The cottage circa 2008 (before our most recent paint job)
We're lucky to be at the bottom of a hill, because it means we only really have neighbours behind us and to one side. There are people up the hill, but there's enough distance between us.

The Witches' Cottage
We (my quasi-cousins and I) called this place the Witches' Cottage because, when not in the sunlight, it looks so damn creepy. There's a broken window, and rarely has anyone there. I think it's the fact that it's supposed to look like a storybook gingerbread house that really used to creep me out.

Okay, maybe it still creeps me out a bit.

Of all the people on the street, there's one place that used to fill me with fear:

The Cheskwans
Back in the '90s the owners of this place (two doors down from us) used to have a Doberman. It would stare us down and growl menacingly every time we walked passed the cottage to go to the beach. I swear, the dog's eyes glinted red and you knew, you just knew, that if he got off the leash, he'd go straight for your throat.

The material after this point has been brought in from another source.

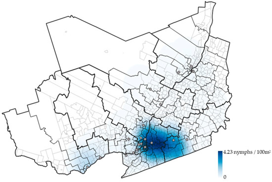 Interpolated enzootic risk for Lyme disease across the study zone (southern Quebec) for 2019; enzootic risk is derived from sentinel surveillance and interpolated using Kernel density estimation and reported as density of nymphs (DON) (nymph/100 m2). Sentinel site locations are represented using grey points.

We were all terrified of it. We'd hurry passed the place muttering, "Don't look. Don't look. DON'T MAKE EYE CONTACT FOR THE LOVE OF GOD!"

And as kids, we did the only thing we could do: tried to take our revenge on the owners to the best of our abilities.

They owned a boat, you see. It was called Wishful Thinking and it was parked in a totally awkward spot that blocked our playing path in the water down at the beach. We hated it, and frankly, we already hated the Cheskwans because of their dog. Anyone who had a dog that evil had to be evil themselves.

So, we'd dig holes in the sand around the boat. We called them Cheskwan traps and did it for years. In fact, when I moved back from Japan, one of the first things I did when I got up to the cottage was dig a Cheskwan trap. Of course, you'd have to be careful about it, because every so often you'd forget where you'd dug a pit and go falling in one yourself.

Nothing worse than falling into your own trap.

Phil fell in to one of his two summers back. We still make fun of him.

But, for all of our digging traps, the Cheskwans didn't seem to notice. In fact, it seemed like he-Cheskwan only got more evil.

The Doberman died of old age and they got a small, horrible yappy dog that lunged at people.

And in response to a neighbourhood dog that got loose, he put up a sign that read:

Any dog found on this property
Will be returned to its owner

In a paper bag

So, you see, his evilness wasn't just in our heads.

This summer, when my uncle, aunt and cousins were up, my uncle and he-Cheskwan started talking. Apparently he was upset about the holes dug around his boat that have been appearing for years.

My whole childhood has been vindicated.

2 comments:

Keith said...

HUZZAH! That is super amazing. Though did you ever think that perhaps your traps only fuelled the evil? I'm just saying, is all...

Also, boo to yappy dogs, but I guess also boo to huge dobermans with evil red glints... it seems like it was a loose loose.

Alyson said...

It might have. I do wonder if we made things worse for ourselves!